The only caveat is that you will have to consider certain keys that will pass the check and not necessarily be part of your words list. Words such as toString, prototype, etc. There are just a few of them, but keep that in mind.
I would try something like this with your real data set. If it works fine, then you have a really easy solution. Go have a beer (or whatever you prefer).
Now, if the above doesn't really work after testing it with real data (notice I've build the list with numbers cast as strings for simplicity), then a couple of options, off the top of my head:
1) Partition the first dict into a set of dictionaries. So, instead of having all the words in dict, have a dictionary for words that begin with 'a', another for 'b', etc. Then, before looking up a word, check the first char to know where to look it up.
Something like:
var word:String = "hello";
var dictKey:String = word.charAt(0);
// actual check
if(dict[dictKey][word]) {
trace("found");
} else {
trace("not found");
}
You can eventually repartition if necessary. I.e, make dict['a'] point to another set of dictionaries indexed by the first two characters. So, you'll have dict['a']['b'][wordToSearch]. There are a number of possible variations on this idea (you'd also have to come up with some strategy to cope with words of two letters, such as "be", for instance).
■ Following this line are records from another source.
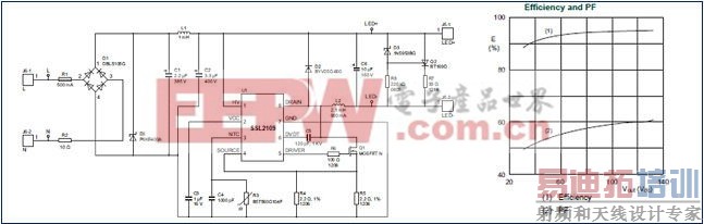 图2.1是一个常规的BUCK降压式线路,芯片是恩智浦公司的SSL2109控制器,原理图上可以看出它的外围元件非常少,电路非常简单,电感只需要一个绕组,不像其它控制器必须依靠另外的辅助绕组给芯片供电,这里它是采用了一颗高压瓷片电容C5,连接到主开关管栅极来进行充电,所以芯片启动后,正常工作的电平都来自于这颗电容的作用。效率方面,它能达到90%以上,不足之处就是功率因数只有0.55左右,如图2.1右侧上的曲线所示。
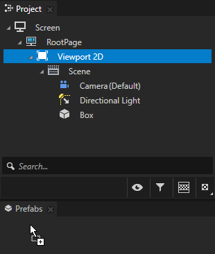 When you drop a node into the Prefabs window, Kanzi Studio creates a prefab template from the node and replaces the original node with an instance of the prefab.
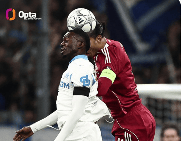 范戴克本赛季欧冠赢得28次空中对抗中的24次,所有球员最多
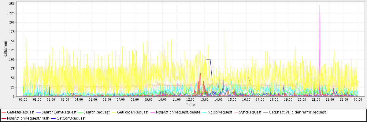 max(GetMsgRequest) = 63.00 max(SearchConvRequest) = 45.00 max(SearchRequest) = 51.00 max(GetFolderRequest) = 182.00 max(MsgActionRequest.delete) = 245.00 max(NoOpRequest) = 45.00 max(SyncRequest) = 39.00 max(GetEffectiveFolderPermsRequest) = 48.00 max(MsgActionRequest.trash) = 61.00 max(GetConvRequest) = 100.00
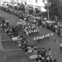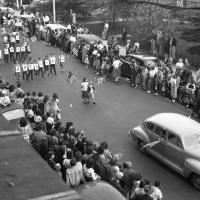 An elevated view of a 1950s parade in New Bern, NC, showcasing participants in a choreographed routine on a bustling street lined with vintage cars and onlookers. The New Bern Historical Society owns the digital copy of this image.
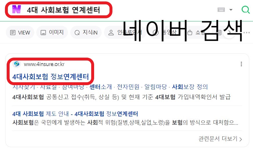 ▣ 4대 사회보험 정보연계센터를 검색하여 홈페이지에 접속합니다.
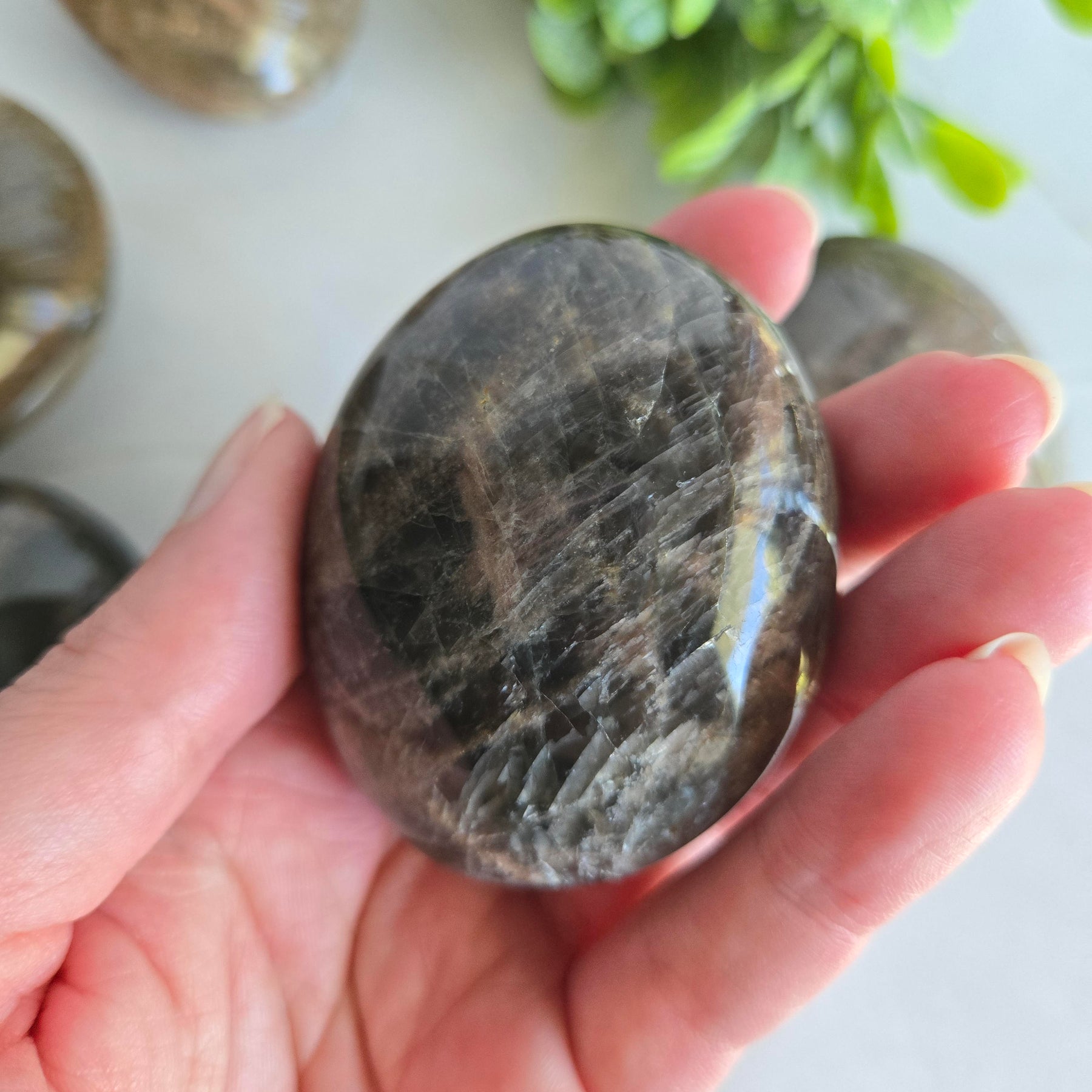 - One Black Moonstone palm stone measuring between 2 and 2.5 inches

2) Try a binary search. The problem with it is that you'll first have to sort the list, upfront. You have to do it just once, as it doesn't make sense to remove words from your dict. But with millions of words, it might be rarther intensive.
3) Try some fancy data structures from open source libraries such as:
http://sibirjak.com/blog/index.php/collections/as3commons-collections/
http://lab.polygonal.de/ds/
But again, as I said above, I'd first try the easiest and simpler solution and check if it works against the real data set.
Added
A simple way to deal with keywords used for Object's built-in properties:
var dict:Object = {};
var keywordsInDict:Array = [];
function buildDictionary():void {
// let's assume this is your original list, retrieved
// from XML or other external means
// it contains "constructor", which should be dealt with
// separately, as it's a built-in prop of Object
var sourceList:Array = ["hello","world","foo","bar","constructor"];
var len:int = sourceList.length;
var word:String;
// just a dummy vanilla object, to test if a word in the list
// is already in use internally by Object
var dummy:Object = {};
for(var i:int = 0; i < len; i++) {
// also, lower-casing is a good idea
// do that when you check words as well
word = sourceList[i].toLowerCase();
if(!dummy[word]) {
dict[i] = true;
} else {
// it's a keyword, so store it separately
keywordsInDict.push(word);
}
}
}
Now, just add an extra check for built-in props in the checkWords function:
function checkWord(e:MouseEvent):void {
var word:String;
if(findIt) {
word = "Constructor";
} else {
word = "asdfds";
}
word = word.toLowerCase();
var dummy:Object = {};
// check first if the word is a built-in prop
if(dummy[word]) {
// if it is, check if that word was in the original list
// if it was present, we've stored it in keywordsInDict
if(keywordsInDict.indexOf(word) != -1) {
trace(word + " found");
} else {
trace(word + " not found");
}
// not a built-in prop, so just check if it's present in dict
} else {
if(dict[word]) {
trace(word + " found");
} else {
trace(word + " not found");
}
}
findIt = !findIt;
}
This isn't specific to ActionScript, but a Trie is a suitable data structure for storing words.